Define CPU, memory, and vSphere-specific settings:

apiVersion: infra.virtrigaud.io/v1beta1
kind: VMClass
metadata:
  name: standard-vm
spec:
  cpus: 4
  memory: "8Gi"
  # vSphere-specific configuration
  spec:
    # VM hardware settings
    hardware:
      version: "vmx-19"              # Hardware version
      firmware: "efi"                # BIOS or EFI
      secureBoot: true               # Secure boot (EFI only)
      enableCpuHotAdd: true          # Hot-add CPU
      enableMemoryHotAdd: true       # Hot-add memory

    # CPU configuration
    cpu:
      coresPerSocket: 2              # CPU topology
      enableVirtualization: false    # Nested virtualization
      reservationMHz: 1000           # CPU reservation
      limitMHz: 4000                 # CPU limit

    # Memory configuration  
    memory:
      reservationMB: 2048            # Memory reservation
      limitMB: 8192                  # Memory limit
      shareLevel: "normal"           # Memory shares (low/normal/high)

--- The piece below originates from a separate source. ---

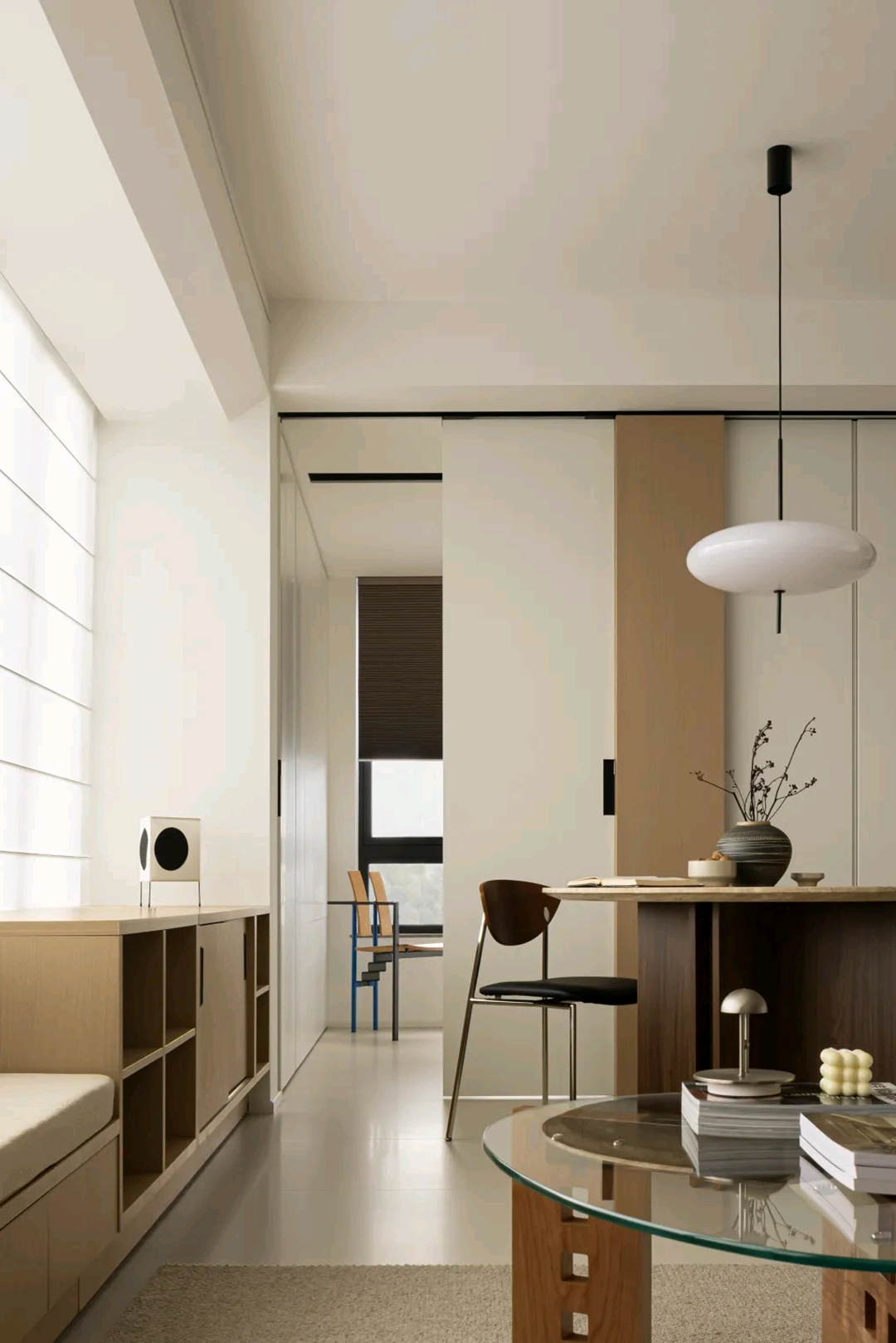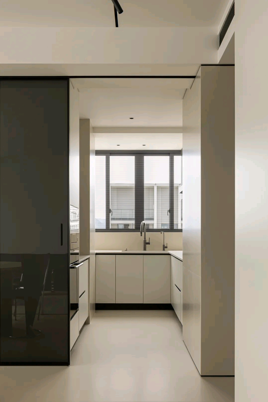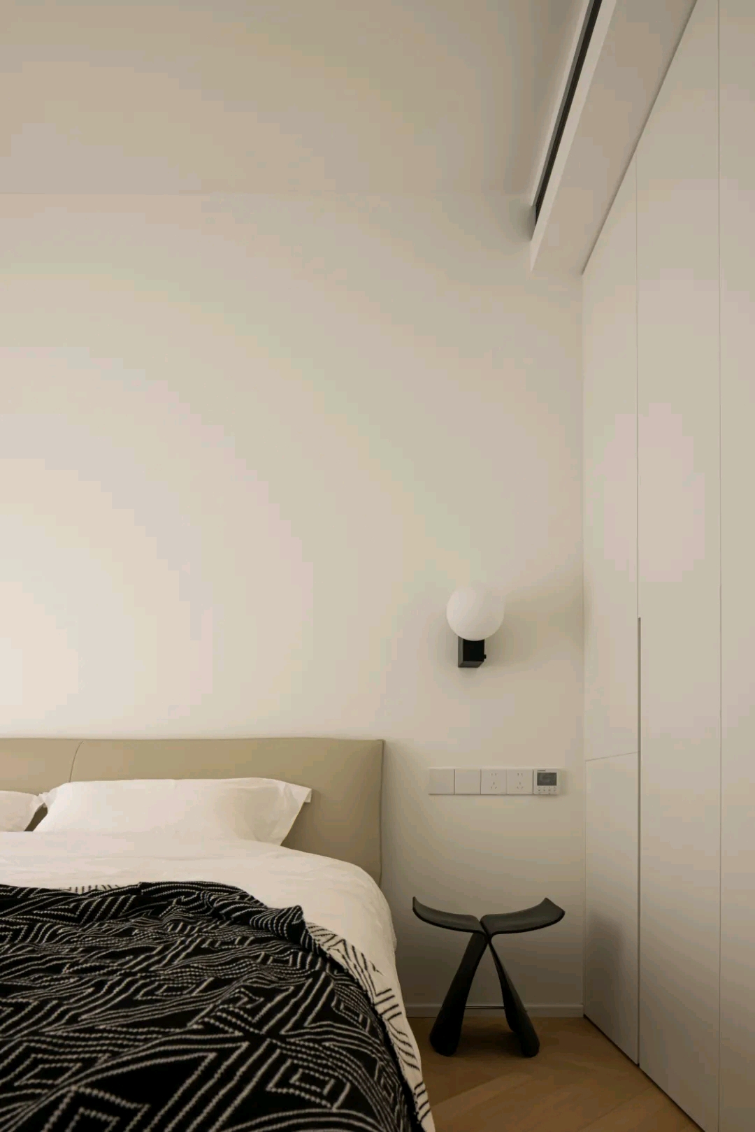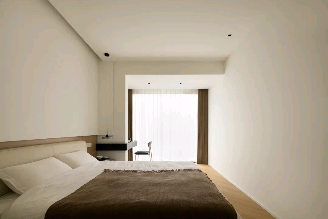 北边的卧室被设计成一间小卧室,空间的整体河游动线十分灵活且高效,这也在一定程度上消除了空间的闭塞感。。

    # Storage configuration
    storage:
      diskFormat: "thin"             # thick/thin/eagerZeroedThick
      storagePolicy: "VM Storage Policy - SSD"  # vSAN storage policy

    # vSphere placement
    placement:
      datacenter: "Production"       # Target datacenter
      cluster: "Compute-Cluster"     # Target cluster  
      resourcePool: "Production"     # Target resource pool
      datastore: "datastore-ssd"     # Preferred datastore
      folder: "/vm/virtrigaud"       # VM folder

VMImage Specification

Reference vSphere templates, content library items, or OVF files:

apiVersion: infra.virtrigaud.io/v1beta1
kind: VMImage
metadata:
  name: ubuntu-22-04-template
spec:
  # Template from vSphere inventory
  source:
    template: "ubuntu-22.04-template"
    datacenter: "Production"
    folder: "/vm/templates"

  # Or from content library
  # source:
  #   contentLibrary: "OS Templates"
  #   item: "ubuntu-22.04-cloud"

  # Or from OVF/OVA URL
  # source:
  #   ovf: "https://releases.ubuntu.com/22.04/ubuntu-22.04-server-cloudimg-amd64.ova"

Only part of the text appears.